Confusion regarding the incomplete elliptic integral of the first kind

Question

I am trying to manipulate a conformal map from the half-plane to a square $z \rightarrow w(z)$ defined by:

$$ w(z) = \int \limits^{z} dx \frac{1}{\sqrt{(1-x^2)x}} = \sqrt{2} \; F\left(\sqrt{z+1},\frac{\sqrt{2}}{2}\right)$$

where $F$ is the incomplete elliptic integral of the first kind according to this.

My problem is that the incomplete elliptic integral built into Mathematica as EllipticF does not seem to behave like this function, as its derivative is not singular at $z=1$ as the formula is telling us.

Proof that the Mathematica derivative is finite:

D[EllipticF[Sqrt[x + 1], Sqrt[2]/2], x] /. x -> 1 // N

gives me

0.63491

I am very unfamiliar with these functions; is it a convention difference between the two?

Answer 1

(I just knew someone would ask this someday...)

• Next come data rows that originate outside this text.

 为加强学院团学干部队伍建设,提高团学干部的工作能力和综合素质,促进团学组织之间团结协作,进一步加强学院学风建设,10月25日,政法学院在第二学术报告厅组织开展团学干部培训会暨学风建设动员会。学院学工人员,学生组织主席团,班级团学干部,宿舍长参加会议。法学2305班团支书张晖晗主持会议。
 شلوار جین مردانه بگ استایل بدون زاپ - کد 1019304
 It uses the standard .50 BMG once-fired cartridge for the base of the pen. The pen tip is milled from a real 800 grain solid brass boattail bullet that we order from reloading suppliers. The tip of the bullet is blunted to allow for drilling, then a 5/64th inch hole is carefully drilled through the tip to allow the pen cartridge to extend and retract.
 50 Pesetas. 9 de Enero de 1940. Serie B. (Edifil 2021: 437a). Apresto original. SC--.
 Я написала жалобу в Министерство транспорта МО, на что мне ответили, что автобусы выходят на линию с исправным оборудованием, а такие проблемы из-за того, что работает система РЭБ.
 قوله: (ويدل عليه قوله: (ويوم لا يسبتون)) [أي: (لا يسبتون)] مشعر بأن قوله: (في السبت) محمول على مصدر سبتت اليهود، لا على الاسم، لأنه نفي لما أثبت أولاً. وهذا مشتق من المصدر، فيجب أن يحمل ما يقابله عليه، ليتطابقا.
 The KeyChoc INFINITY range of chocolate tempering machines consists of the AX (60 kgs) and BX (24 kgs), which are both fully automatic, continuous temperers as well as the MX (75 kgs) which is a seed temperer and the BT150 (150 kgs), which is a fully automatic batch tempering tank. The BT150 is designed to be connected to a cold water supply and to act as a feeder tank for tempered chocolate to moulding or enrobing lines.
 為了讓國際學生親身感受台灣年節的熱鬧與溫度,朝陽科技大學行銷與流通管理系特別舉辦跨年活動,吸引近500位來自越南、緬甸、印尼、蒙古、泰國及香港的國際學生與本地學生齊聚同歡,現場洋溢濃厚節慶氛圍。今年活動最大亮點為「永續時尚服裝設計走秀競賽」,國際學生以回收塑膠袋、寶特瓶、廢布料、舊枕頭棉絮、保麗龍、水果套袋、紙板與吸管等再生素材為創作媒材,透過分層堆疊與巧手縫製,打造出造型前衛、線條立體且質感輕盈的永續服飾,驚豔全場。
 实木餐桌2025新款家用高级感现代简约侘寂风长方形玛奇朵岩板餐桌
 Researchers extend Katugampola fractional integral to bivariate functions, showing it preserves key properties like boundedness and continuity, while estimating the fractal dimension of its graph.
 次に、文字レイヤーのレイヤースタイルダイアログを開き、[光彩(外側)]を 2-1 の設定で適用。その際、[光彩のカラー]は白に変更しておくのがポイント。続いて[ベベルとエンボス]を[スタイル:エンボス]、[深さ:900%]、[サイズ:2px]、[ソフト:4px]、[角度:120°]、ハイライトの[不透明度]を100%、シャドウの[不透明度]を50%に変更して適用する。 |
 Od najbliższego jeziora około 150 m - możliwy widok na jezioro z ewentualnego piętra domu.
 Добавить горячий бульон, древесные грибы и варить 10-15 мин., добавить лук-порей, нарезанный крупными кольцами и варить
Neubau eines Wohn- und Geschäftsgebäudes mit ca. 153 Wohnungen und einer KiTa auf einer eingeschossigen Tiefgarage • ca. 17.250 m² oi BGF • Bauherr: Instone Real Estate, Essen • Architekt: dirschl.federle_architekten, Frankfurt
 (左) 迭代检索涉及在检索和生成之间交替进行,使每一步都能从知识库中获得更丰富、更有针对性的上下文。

I had talked (ranted?) about this issue at some length here, so I'd like you to read that first. I'll just give an executive summary here: Mathematica uses the parameter convention, while the formula you found on Wikipedia is based on the modulus convention (quickly betrayed by the comma separating the two arguments).

In fact, even the convention in the first argument is different, so EllipticF[] is not exactly the Mathematica function you want. What you need here, in Mathematica's convention, is denoted as InverseJacobiSN[]:

D[InverseJacobiSN[Sqrt[x + 1], 1/2], x] /. x -> 1 // FullSimplify
   ComplexInfinity

---

After looking through my Schwarz-Christoffel notes, I'm not sure where the Wikipedia formula was obtained. In any case, allow me to present a short demonstration of the conventional conformal mapping between the upper half plane and a rectangle (though I cheat here and use the inverse map, JacobiSN[], in the following code):

a = 1/2; b = 1; (* 2 a × b rectangle *)
m = ModularLambda[I b/a];

{ParametricPlot[With[{w = JacobiSN[EllipticK[m] (u + I v)/a, m]},
                     {Re[w], Im[w]}], {u, -a, a}, {v, 0, 99 b/100},
                BoundaryStyle -> AbsoluteThickness[2], Mesh -> 15, 
                MeshShading -> {{Transparent}}, 
                MeshStyle -> {Directive[AbsoluteThickness[2], ColorData[97, 1]], 
                              Directive[AbsoluteThickness[2], ColorData[97, 2]]}, 
                PlotRange -> {{-5, 5}, {0, 10}}], 
 ParametricPlot[{u, v}, {u, -a, a}, {v, 0, 99 b/100}, 
                BoundaryStyle -> AbsoluteThickness[2], Mesh -> 15, 
                MeshShading -> {{Transparent}}, 
                MeshStyle -> {Directive[AbsoluteThickness[2], ColorData[97, 1]], 
                              Directive[AbsoluteThickness[2], ColorData[97, 2]]}]}
// GraphicsRow

As a check of correctness, try restricting the range of v to {0, b/2}. The mapping on the left should yield a semicircular region with radius m^(-1/4).

Answer 2

I would prefer to have consistency within the framework of Mathematica and hence start off with the original definition of your function as an integral taken here between 1 and z:

f = 
 Integrate[1/Sqrt[x (x^2 - 1)], {x, 1, z}, Assumptions -> z > 1]

(*
Out[35]= -2 EllipticF[ArcSin[1/Sqrt[z]], -1] + 2 EllipticK[-1]
*)

This is obviously different from the result you quote from Wikipedia. Hence the validity of the latter should be clarified first.